Por Raquel Wandelli.
Três anos passados hoje do Levante do Bosque, um silêncio covarde e constrangedor paira no aniversário de um dos maiores atos de resistência da história recente do país…
Silêncio do oligopólio de mídia, que apoiou a selvageria policial contra a comunidade universitária desarmada. Silêncio delator da mesma mídia que dedica todos os anos generoso espaço para cultuar a Novembrada, como se fosse um evento neutro ou um fóssil congelado na história. Como se a Novembrada não continuasse a reacontecer todos os dias nas estrondosas manifestações de rua contra os projetos antipopulares que os grandes veículos ignoram.
Silêncio, obviamente, das elites e da opinião pública média que também foram cúmplices covardes dessa selvageria contra a juventude universitária e dessa inversão de todos os princípios de justiça em nome de um discurso moralista hipócrita. Essa inversão transformou agressores criminosos em vítimas e inocentes agredidos em réus de um processo por incitação à violência que tramita até hoje, apesar das provas contundentes contra a ação desmedida, irresponsável e desastrosa protagonizada por um delegado doente para se exibir por trás de operações espetaculosas e fanáticas.
Por último, silêncio também da esquerda menos coerente ou menos firme, pra não ser ofensiva, à frente da reitoria e do governo na época, em quem o Levante do Bosque dói nos calos e na consciência. Três anos depois, esse afrontamento à democracia nunca antes visto em Santa Catarina, nem na ditadura militar, é uma medida amarga do estado policialesco que já se armava embaixo das saias de um governo garboso de dar autonomia à Polícia Federal. Denuncia a ilusão de um governo que se orgulhava de ser amigo do peão e do delegado como modelo de relacionamento político e de superação da luta de classes.
Mas constrangedor também para quem estava no poder e nunca teve uma atitude de questionamento à ação criminosa da polícia, nem deu apoio aos professores e diretores de Centro que tentaram proteger a vida desses estudantes, evitando que o confronto desvantajoso acabasse em mortes. Também nunca ofereceu apoio às vítimas da truculência, na grande maioria jovens e adolescentes, feridos por estilhaços de bomba fora do prazo de validade, balas de borracha, gás de pimenta e porradas de cassetete. Foi assim que esse processo inacreditável ganhou curso e caiu no colo do governo golpista, louco para enfiar suas garras na juventude rebelde e agradar as estrelas do fascismo evangélico.

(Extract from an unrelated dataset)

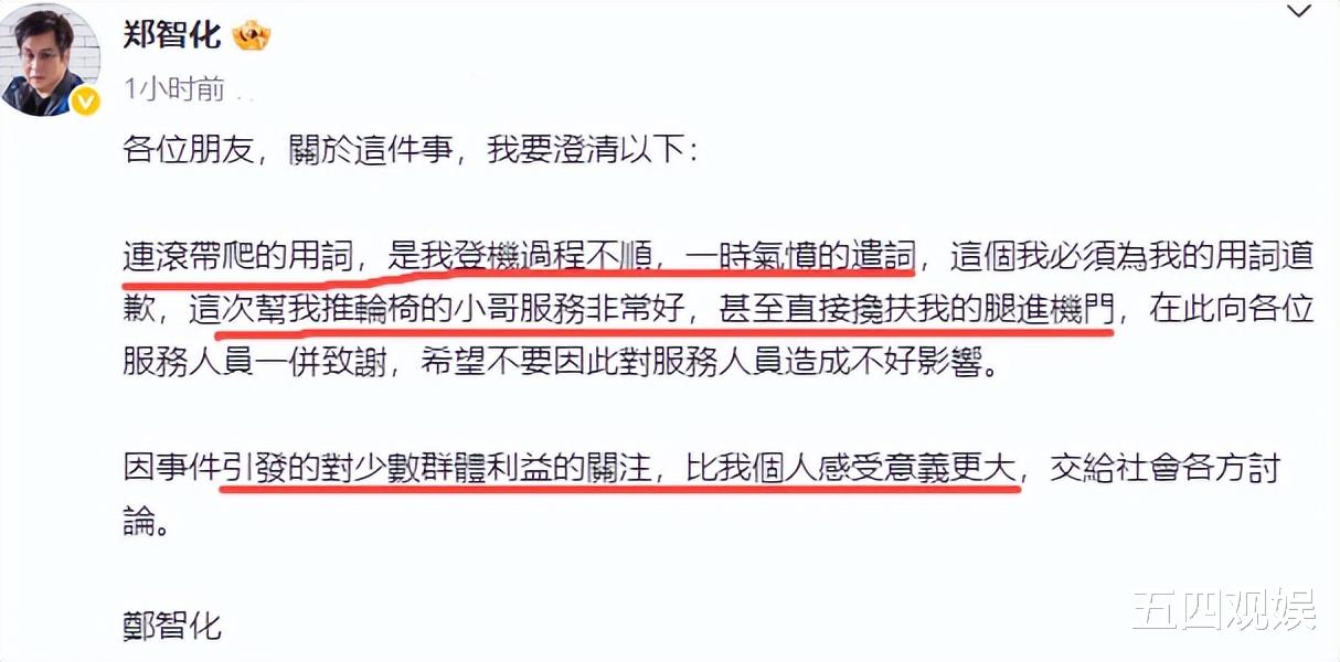 郑智化强调自己一时气愤上头,可是在深圳机场公开道歉完,他又连续发表了两篇“小作文”,打击范围不仅有深圳机场,还有大陆的很多旅游城市机场;而且使用的形容词极其强烈:世所罕见、脑洞大开!

O Levante do Bosque tornou-se um fato político incômodo para muita gente, porque oferece um balão de ensaio do golpe de Estado que já estava lá gestado e que não cessa de se repetir… Mas ele não é um cadáver guardado dentro do armário: é preciso que a gente tenha coragem de apontar todas as covardias, de rever nele a tragédia em que o país se afundou e também de repensar nossas ações políticas através das lições de futuro que essa insurgência esperançosa nos trouxe. É preciso fazer o Levante do Bosque falar!